You do not force marriage on an unwilling couple. If they are not compatible, the marriage will collapse. Ex-President Goodluck Jonathan organised a marriage course for Nigeria called National Conference in 2014. He could not implement any outcome of the course before he left office in 2015.

President Buhari is rigid about renegotiating the terms of our corporate existence as a nation. Perhaps, restructuring does not serve his interest. But for how long are we going to cage ourselves in this manner?

Re: Efi Igbo, SMEs and the Heritage example

I thank God for your shift too from the Nigeria’s unending problems to inspiring situations that can lift souls. Your outing last week was revealing as well as encouraging. Not many people are aware that Heritage Bank exists, not to talk of encouraging youth with business interests. It is through your writing that I had a recall to numerous Ehi Igbo in my childhood days. They used to be very smooth, fat with shiny black colours or spotted with white. There are several other areas of life one can venture into to make life interesting and more suiting. I thank you once again for a beautiful shift.

– Pastor Livy Onyenegecha, Ibekuta-Ibeku, Okwuato, Aboh-Mbaise, Imo State, 08036174573

You have reinvigorated the minds of Igbo nation towards the rearing of muturu cattle breed, otherwise called Efi Igbo, Ehi Igbo or Eshi Igbo, so that we can tell the heartless and rampaging Fulani herdsmen that we can do without their zebu or ndama breed, otherwise called Efi Hausa. I have stopped patronising butchers dealing in Efi Hausa and substituted it with chicken, fresh fish and ice fish, pending the supply of muturu breed to cattle market. Some people can even substitute zebu and ndama breed with pork meat, snail and bush meat. Throughout the civil war we did not taste zebu.

– Mr. Chinedu Ekwuno JP, 08063730644

My brother, your column of last Monday was insightful and timely, if only Igbos will think inward and learn their lesson from Nigeria/Biafra civil war and think home because Nigeria is sitting on a keg of gun-powder, waiting for a time to explode. They have sent their lackey again, Sowore, who knows the next person?

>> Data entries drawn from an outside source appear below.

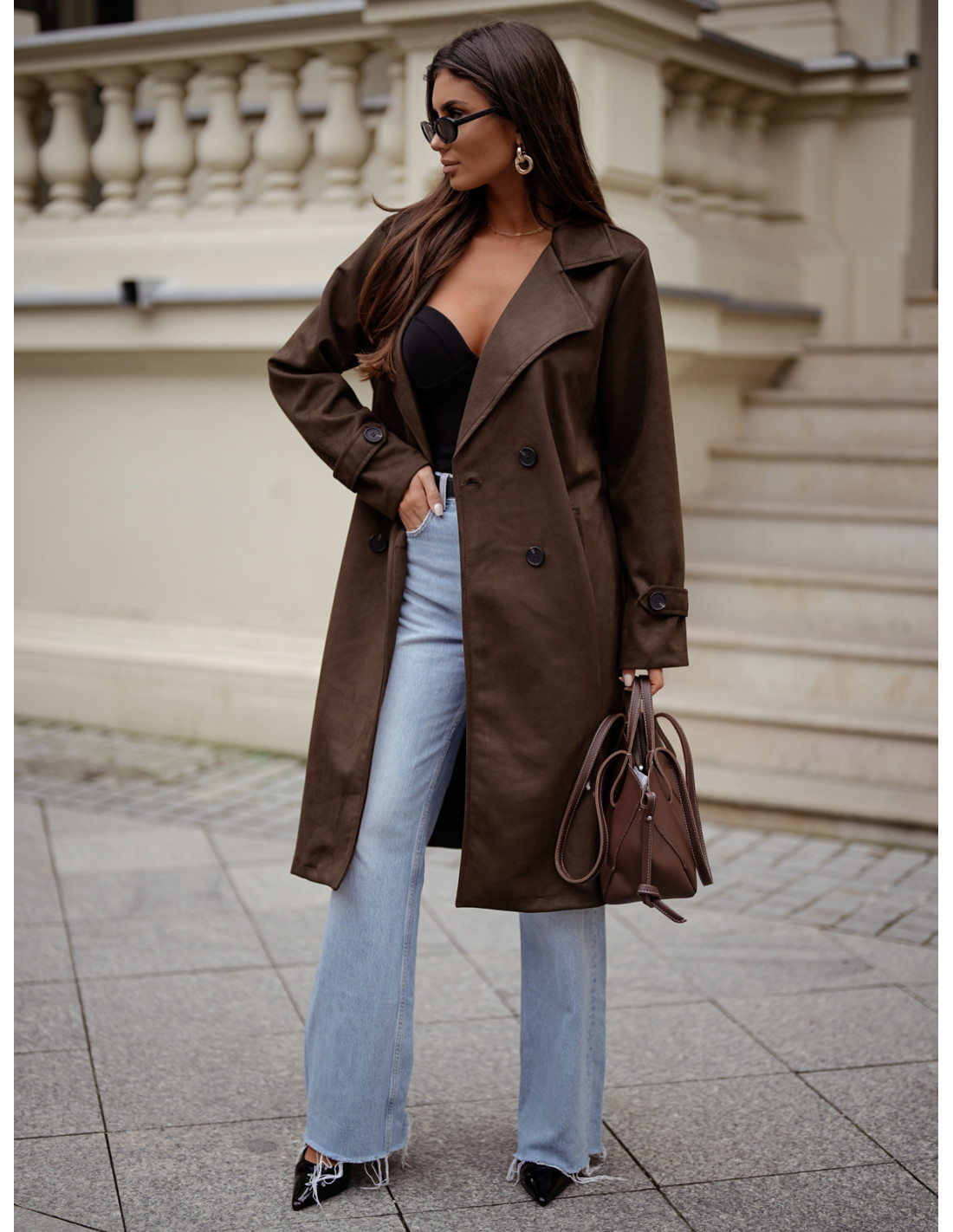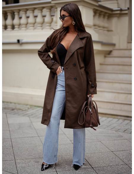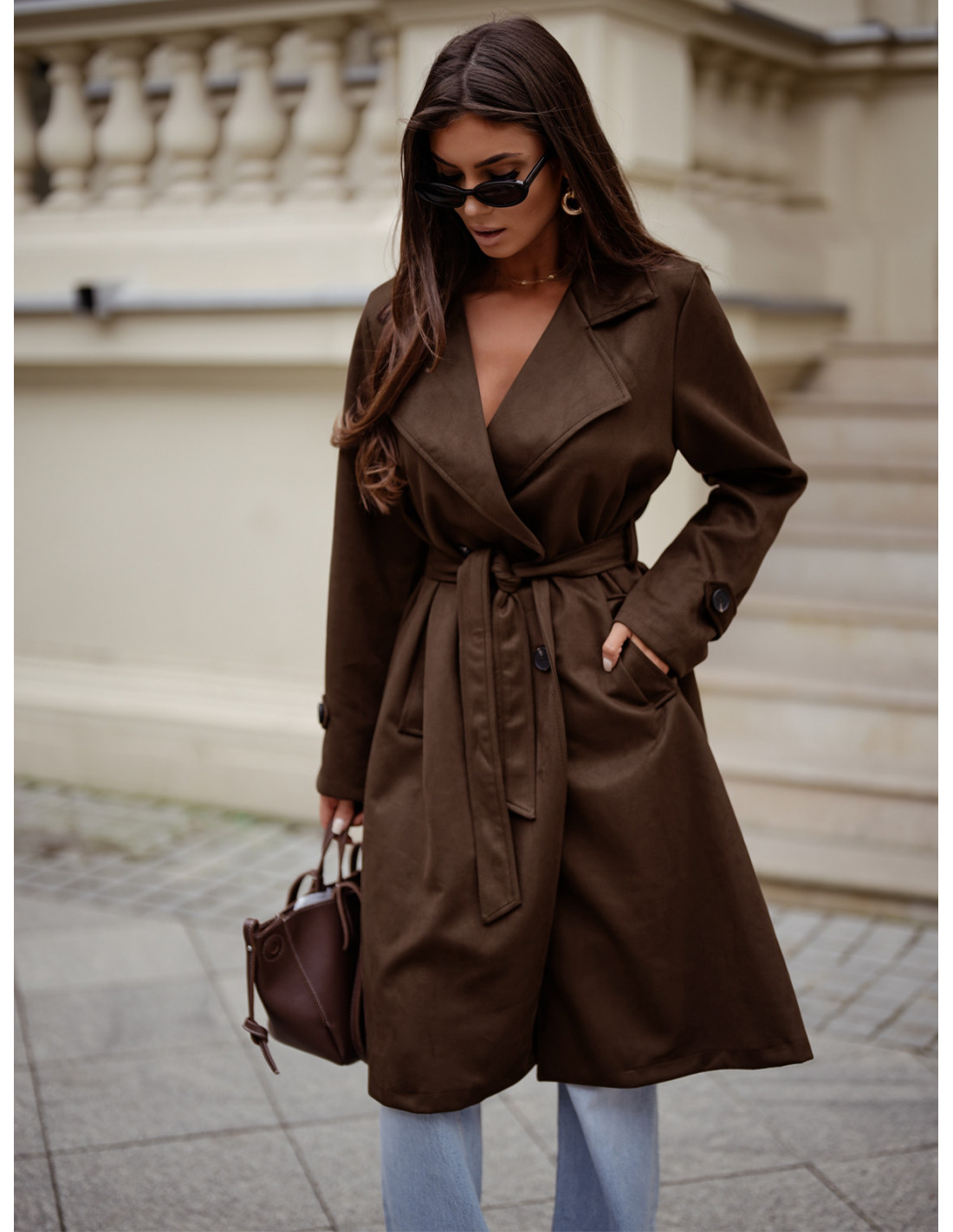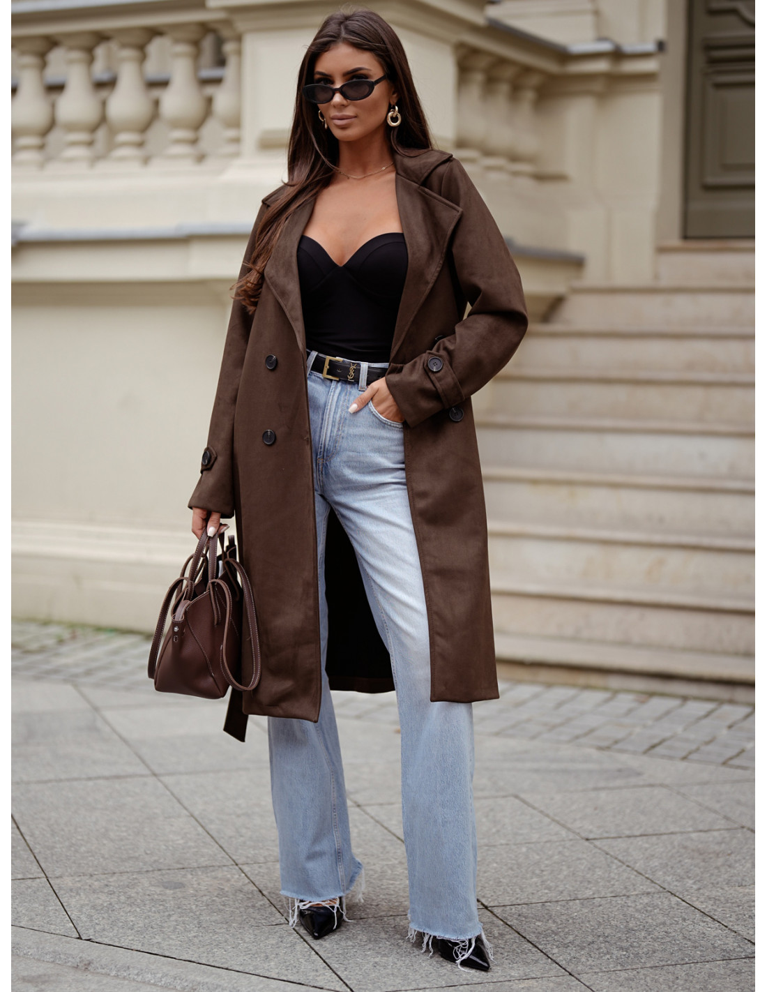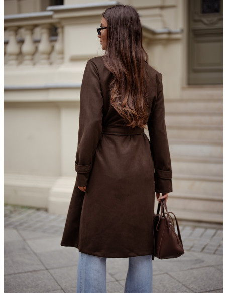 Stylowy zamszowy płaszcz z paskiem CYNDI - czekoladowy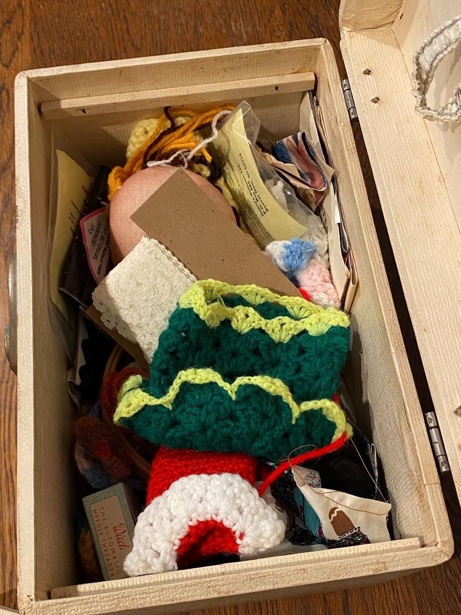 Vintage Off White Train Case Sewing Box with Notions & Accessories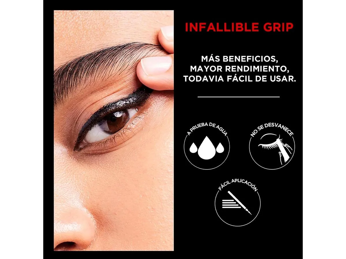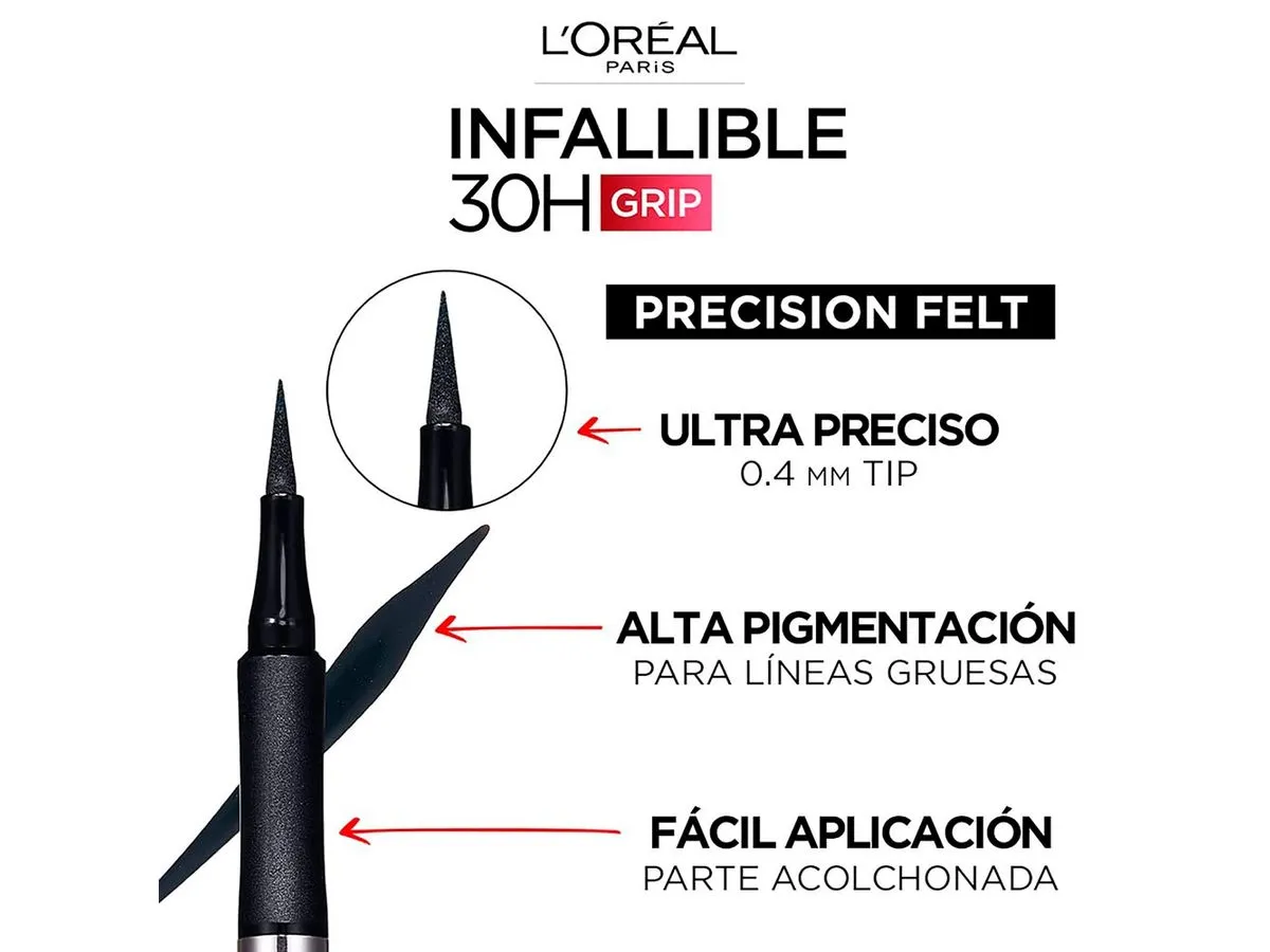 El L’Oréal Infallible Grip Delineador Líquido está diseñado para lograr líneas definidas, intensas y duraderas. Su punta de fieltro ultra precisa permite crear fácilmente desde delineados sutiles hasta cat eyes dramáticos, con un control máximo y sin esfuerzo.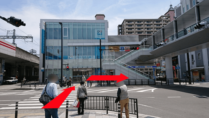 横断歩道を渡り、「ローソン」のある角を左に曲がります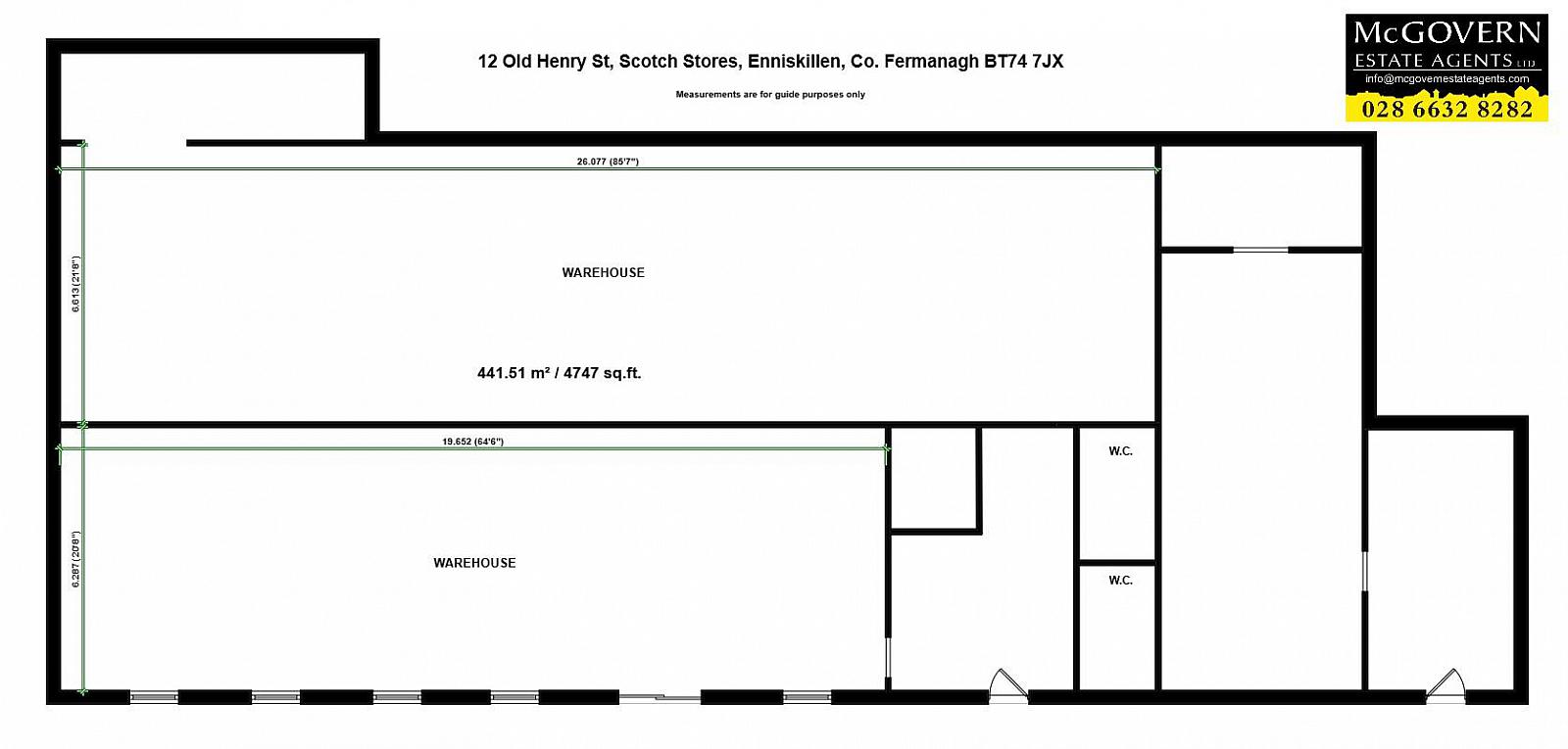 Positioned just off the Sligo Road and only minutes from Enniskillen town centre, this substantial 5,000 sq ft commercial property offers excellent accessibility and strong business visibility. Forming part of the iconic Old Scotch Stores landmark, the building benefits from a recognised and established location.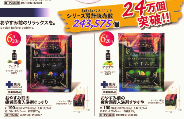 ラベンダーブレンドの香りの「おやすみ前の疲労回復入浴剤ぐっすり」とシトラスブレンドの香りの「おやすみ前の疲労回復入浴剤すやすや」の2種類があります。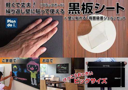 軽くて丈夫な「黒板シート」は、チョークやブラックボードマーカー等、色々なもので描ける便利なシートです。壁に貼るときは、今回のセット企画品「両面吸着ジェル」を使っ...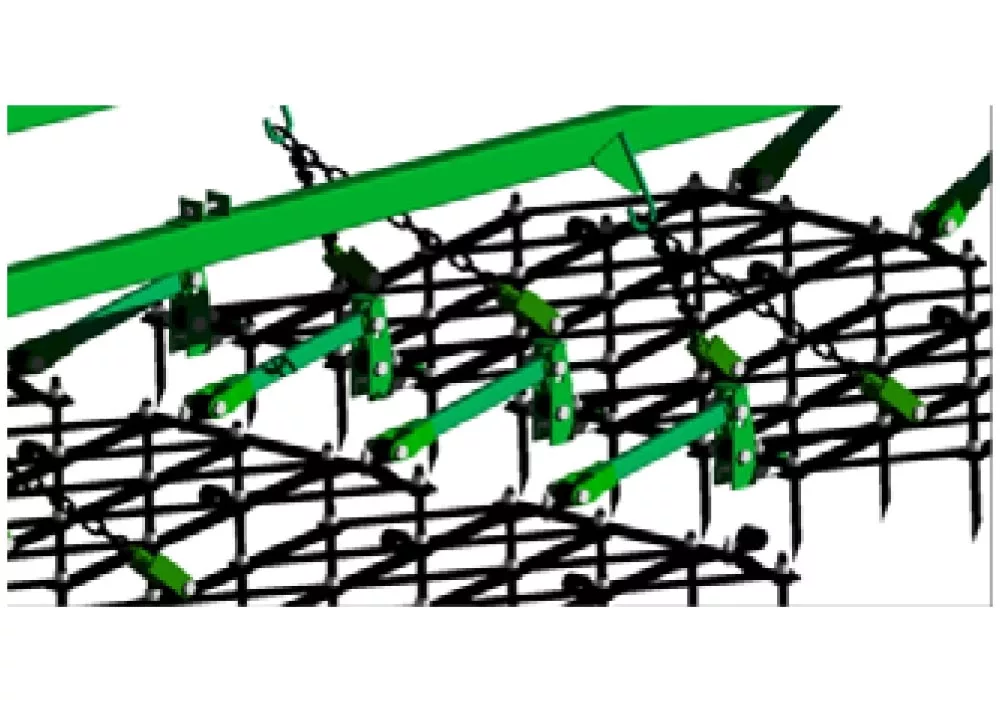 ▶ Оригинальная жесткая поводковая система закрепления зубовых борон исключает отклонение от прямолинейного движения бороны и заскакиванию борон друг на друга во время работы, обеспечивает прямолинейность хода борон и повышение качества выполнения технологического процесса.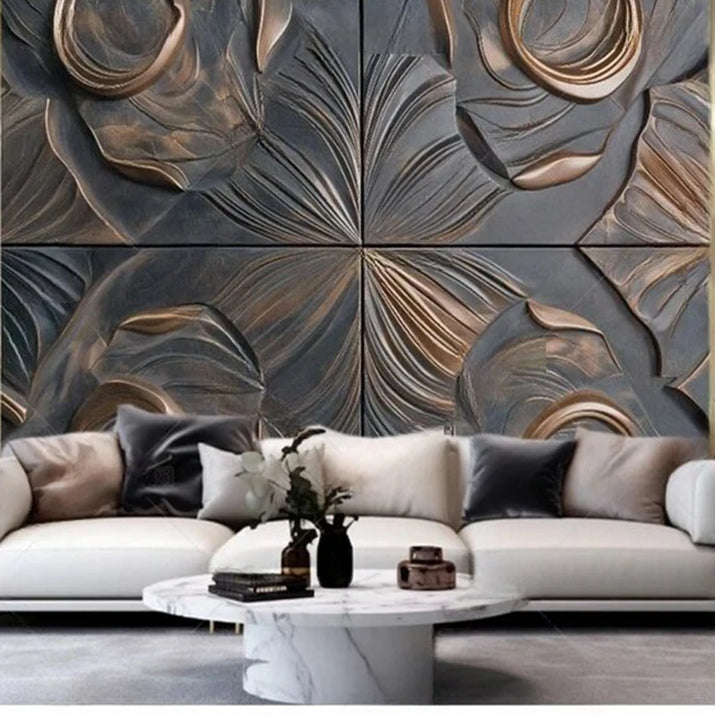 MU8844 Modern high-end golden gilded rock plate TV sofa background wall paper mural
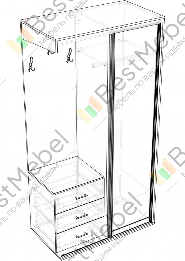 Прихожая Моно-лиза BMS представляет компактный шкаф-купе с одной раздвижной дверью. В закрытом отделе находится штанга, предназначенная для размещения на ней вешалок с одеждой. Вторая половина шкафа оборудована под вешалку с крючками и вместительную тумбу с тремя ящиками. Дверца модели может быть выполнена с пескоструйным рисунком. Купить прихожую Моно-лиза BMS можете на сайте нашего магазина и по низкой цене.

– Smart, Abakaliki, +2348160638941

Despite years of delay, Golden Guinea Brewery coming back to life with the help of financial institutions, which Abia state government could not do for years, is a welcome development. There are so many organisations established by Dr. M.l. Okpara and Dr. Ibiam that went under that need to be revamped to create jobs for unemployed Nigerians, especially in the South-East region.